What's the deal with turnips?

I still have a wretched cold but have started cooking from the couch in 20 minute bursts of energy. I have decided that on weekends, I am Mastering the Art of French Cooking but on weekdays I am Modernising the Art of French Cooking. So when Julia requests veal mince with pork fat and ham, I will acccept the perfectly adequate substitute of mixed pork and veal mince. Of course, I reserve the right to take short cuts on weekends.

Menu:
Fricadelles de Veau
Choux de Bruxelles a la Milanese (with broccoli instead of Brussels Sprouts)
Carottes aux Fines Herbes
Navets À L'Étuvée

The good news? The veal patties taste fantastic. The bad news? What is the deal with turnips? To me they tasted really bitter. Le Gourmand was less critical but thought that they usually taste better mashed with another flavour. There is a turnip casserole recipe in the book that Julia says brings most people around when they don't like turnips. I think I will have to cook that next because turnips braised in chicken stock and butter is not my cup of tea. All turnip advice will be gratefully received so please let me know if you have any good ideas?

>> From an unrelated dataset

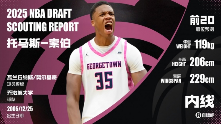 为了突出与众不同,我会选托马斯-索伯在第15顺位被雷霆队选中,这个选择对雷霆队来说非常合理。之前认为他们可能会进行向上交易,但他们只是等待他掉到了这个顺位。雷霆队做出这个选择是着眼于长远,考虑到当杰伦-威廉姆斯和切特-霍姆格伦的第二份合同将在明年开始生效,届时留住首发中锋以赛亚-哈尔滕施泰因可能会很棘手。

The carrots were yummy - cooked in water, butter, sugar, salt and pepper and then had fresh herbs and butter added at the end.

The broccoli was prepared in the same way that we prepared the Brussels sprouts on the weekend but there was less baking time until I added some emmenthel cheese and parmesan at the end and baked it for another ten minutes. It tasted awesome because of the cheese.

The veal patties involved a bit more effort than I usually make - softening half a cup of minced onion then adding two peeled, deseeded, diced tomatoes, a clove of garlic and some basil and cooking that down, then adding this to half a kilo of mince, parsley, salt and pepper, a cup of milk soaked breadcrumbs and egg before forming patties. These were refrigerated then browned on each side before cooking slowly in the pan for 15 minutes. The pan was then deglazed with two thirds of a cup of beef stock and cooked down with a little enrichening butter at the end. The result was delicious.

Le Gourmand was less sold on the Aubergines Farcies Duxelles (Eggplant stuffed with mushrooms) the next night. I loved mine - the eggplants were baked and most of the flesh scooped out and mixed with lightly cooked minced mushrooms, softened onion, cream cheese, parsley and seasoning - but there were too many mushrooms for Le Gourmand. One variation I recommend is that in the final roasting, the eggplants should be roasted on a tray rather than roasting in a small amount of water, if you like the flavour of roasted eggplant, as I do. We both enjoyed our Haricots Verts a la Creme - let's face it, what's not to like about green beans blanched, tossed in butter and simmered down with a little cream?